Got boot device = IOService:/AppleACPIPlatformExpert/PCI0@0/AppleACPIPCI/P2P0@11/IOPCI2PCIBridge/S3F0@2/AppleIntel8254XEthernet/IOEthernetInterface

BSD root: en0

netboot: using network interface 'en0'

It shows that in the successful case (Fusion 3), the AppleIntel8254XEthernet driver (which drives the virtual e1000 NIC) loads, whereas in the failing case (Fusion 3.0.1) it does not. Based on this valuable information, I strongly suspect the issue is with #1, i.e. our virtual EFI change.

Let's check this theory:

o Install a fresh Fusion 3.0.1

o Download the EFI ROMs from Fusion 3 which I have made available to you at:

http://ftpsite.vmware.com/download/bgarner/EFI32.ROM

http://ftpsite.vmware.com/download/bgarner/EFI64.ROM

o Modify your VM to use the downloaded EFI ROMs (from Fusion 3) instead of the default ones (from Fusion 3.0.1), by adding these lines to your .vmx file:

efi32.filename = ""

o Power on the VM

If I'm correct, then this time NetBoot will work.

So what did we change in our virtual EFI? In the new EFI, we improved boot time by allowing the Apple bootloader (boot.efi) to load the single .mkext file (kernel + all kexts in one file) whereas in the old EFI the Apple bootloader was loading all these component as individual files.

So I suspect the following: on the small filesystem that you initially boot in your VM, the folder /System/Library/Extensions/IONetworkingFamily.kext/Contents/PlugIns/AppleIntel8254XEthernet.kext (which is being picked up by the bootloader running on top of the old EFI) exists, but for some reason it is not part of the file /System/Library/Extensions.mkext (which is being picked up by the bootloader running on top of the new EFI).

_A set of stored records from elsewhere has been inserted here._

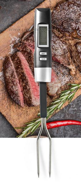 Patříte mezi nezkušené kuchtíky, ale rádi experimentujete a překonáváte hranice? Připravte si steak, burger nebo pečínku dle vašich preferencí za pomoci digitálního teploměru Nedis KATH108GY. Sondy teploměru stačí vložit do pokrmu a během pár sekund zjistíte, jakou vnitřní teplotu pokrm má. Pro usnadnění je vybaven 6 přednastavenými teplotami dle druhu masa (hovězí, vepřové, kuřecí, telecí, krůtí, jehněčí) a mírami propečení (well, medium, M rare, rare). Sondy jsou vyrobeny z hygienické nerezové oceli a velice snadno se čistí. Pro snadné uložení je teploměr vybaven závěsným háčkem. Tento teploměr na maso s rozsahem teploty až do 110 stupňů se hodí pro přípravu nejrůznějších pokrmů a pečínek.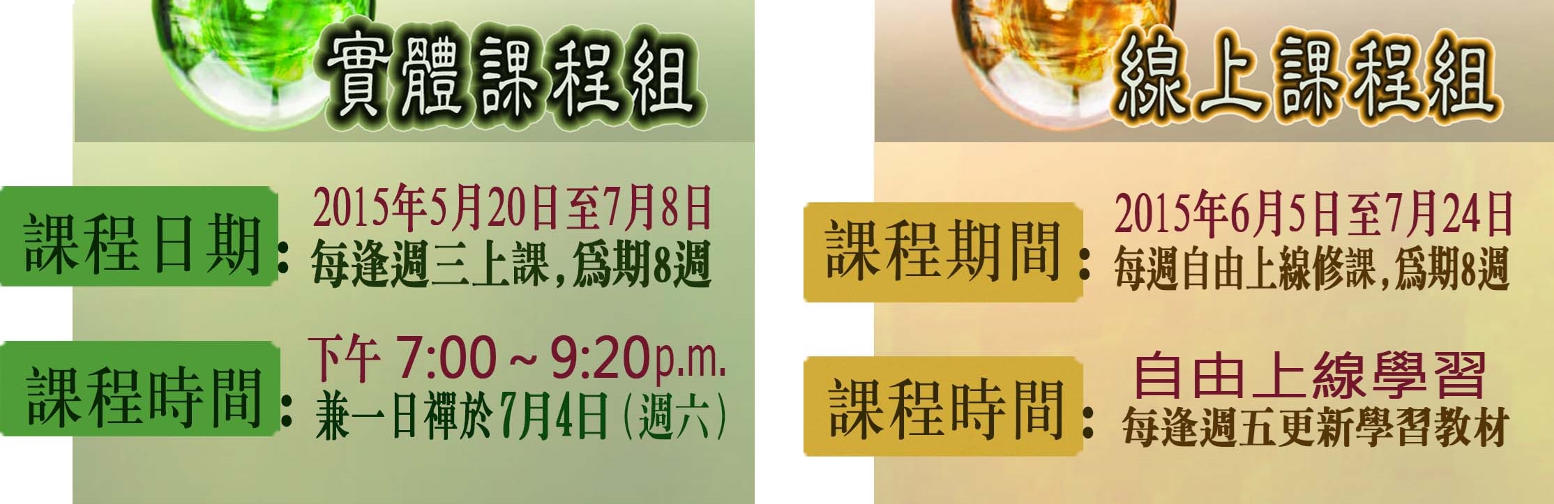 5月20日到7月8日(為期8週)在德貴學苑開設實體課程;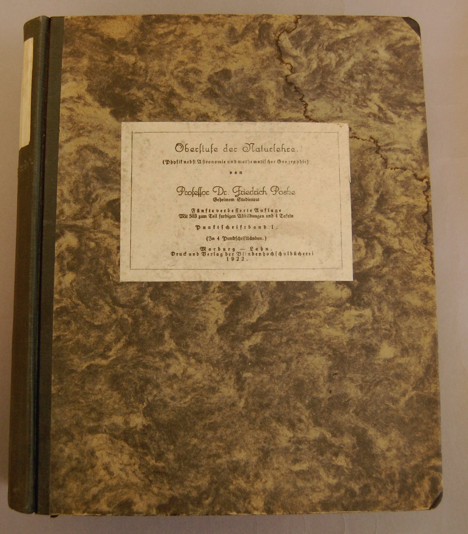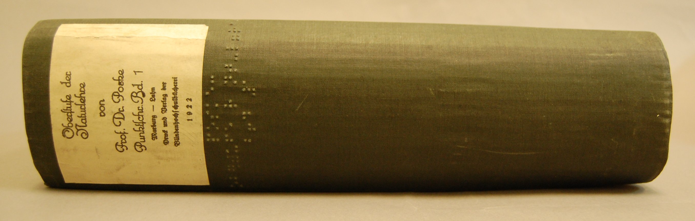 - "Punktschriftband 1" --cover label. Interpoint braille. Museum holdings: volume 1. Gray/black marbled paper over boards; black cloth on spine and tips of corners; standard print labels on spine and front cover; braille label embossed in cloth on spine; pages (signatures) thread-stitched.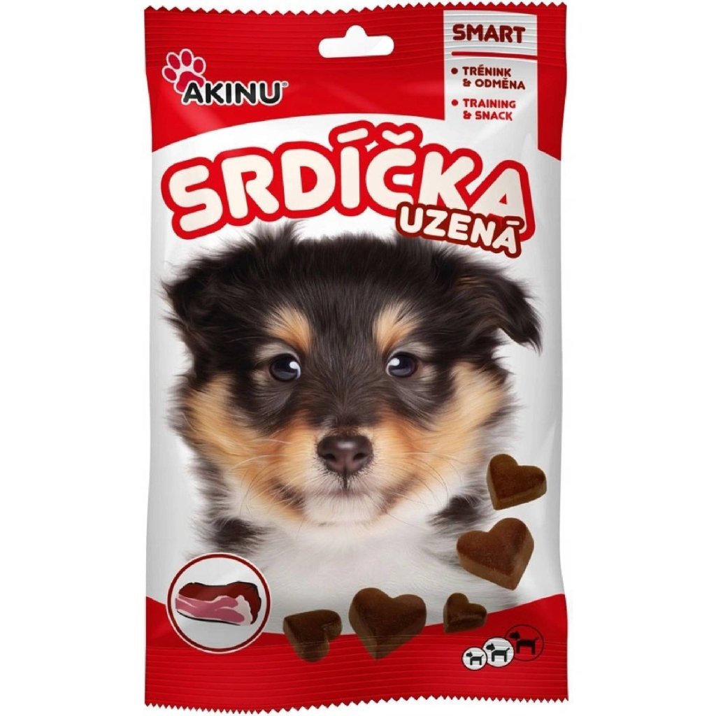 Akinu Údené srdiečka sú mále, mäkké a ľahko sa hryzú. Svojou vôňou budú šteniatko aj dospelého psíka správne motivovať, a tak sú ideálnou voľbou pri prvých tréningových pokusoch. Ich výroba prebieha v závode schválenom štátnou veterinárnou správou priamo v Českej republike.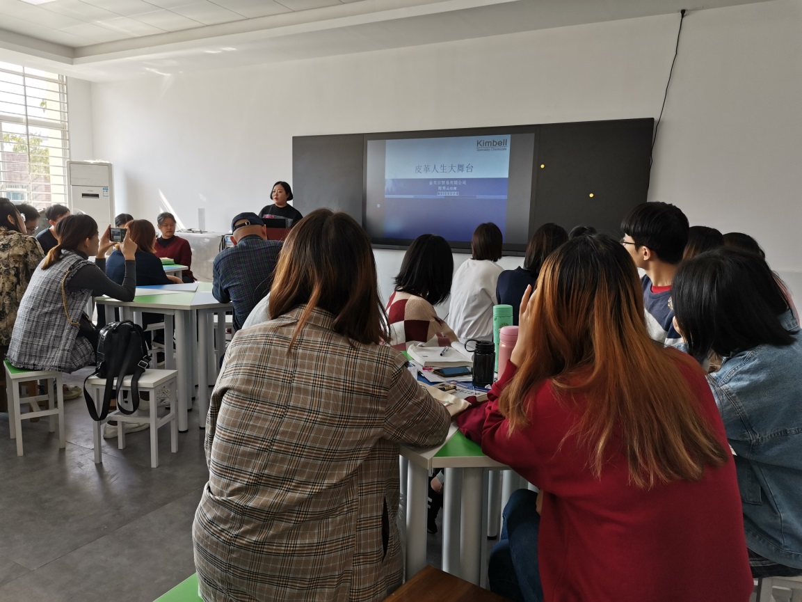 首先,周秀总经理做了“皮革人生大舞台”的报告,简单介绍了公司的基本情况、发展历程和公司对员工的要求,热忱欢迎毕业生到公司实习和工作。随后,王付军工程师做了“皮革生产新趋势—清洁化制革生产”的主题报告,就当前国家环保及市场对产品的要求进行了讲解,对皮革生产过程中的各工序进行了剖析并详细讲解了其设计和成功实施的清洁化铬鞣技术。最后,与师生进行了互动交流。该报告对毕业班学生受益匪浅。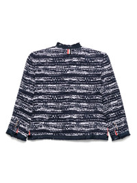 tweed jacket Highlights - Navy blue - Open front - Long sleeves - Internal jetted pocket - Two front patch pockets Made in Italy Composition Outer: Acrylic 42%, Polyamide 39%, Cotton 14%, Polyester 5% Lining: Silk 100%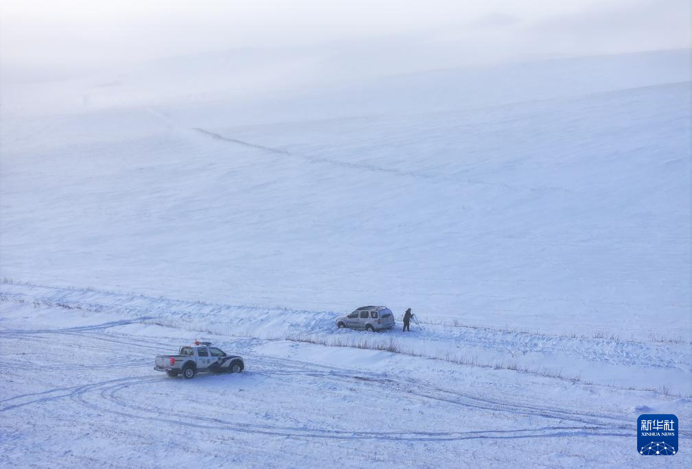 2024年12月27日,接到群众求助后,马背警队和舍伯尔图边境派出所的民警第一时间来到群众受困地点(无人机照片)。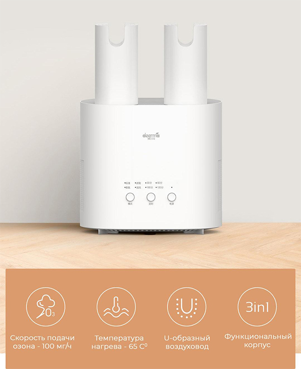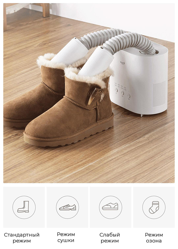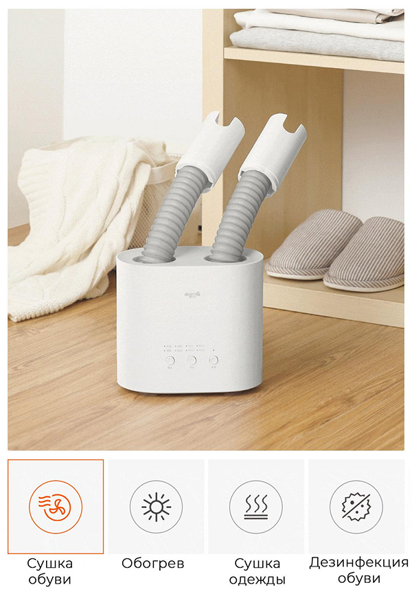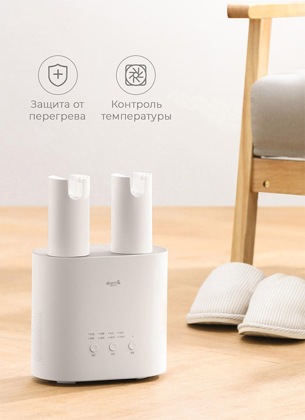 В летний сезон ноги быстро потеют, что приводит к неприятному запаху и возникновению многочисленных грибковых заболеваний. Для предотвращения данных проблем, новая модель Deerma Shoe Dryer не только сушит обувь, но и проводит антибактериальную обработку.

You can check the contents of an .mkext file with the mkextunpack utility.

Interestingly, on my physical MacPro2,1 here, the kextstat shows that the AppleIntel8254XEthernet.kext driver is loaded, but for some reason it is not part of /System/Library/Extensions.mkext either. Forcing a rebuild of that file by touching /System/Library/Extensions does not help. I suspect this is because in the AppleIntel8254XEthernet.kext, the Info.plist has its key OSBundleRequired set to Network-Root instead of Root, and to rebuild the .mkext cache, the system calls kextcache with the -l option (local disk boot) only.

So I see 2 possible ways to solve this issue, please let me know if they work for you (don't forget to re-install Fusion 3.0.1 and remove the 2 lines from your .vmx file before you test them!):

1) Change /System/Library/Extensions/IONetworkingFamily.kext/Contents/PlugIns/AppleIntel8254XEthernet.kext/Contents/Info.plist so it says Root instead of Network-Root. Check that the system has re-built /System/Library/Extensions.mkext and reboot the VM. This will only work until a system update resets the content of the Info.plist file (maybe that never happens in your case).

2) Re-build /System/Library/Extensions.mkext yourself, but pass the -n option (network boot) on top of the -l option to kextcache, then reboot the VM. This will only work until the system re-builds /System/Library/Extensions.mkext (maybe that never happens in your case).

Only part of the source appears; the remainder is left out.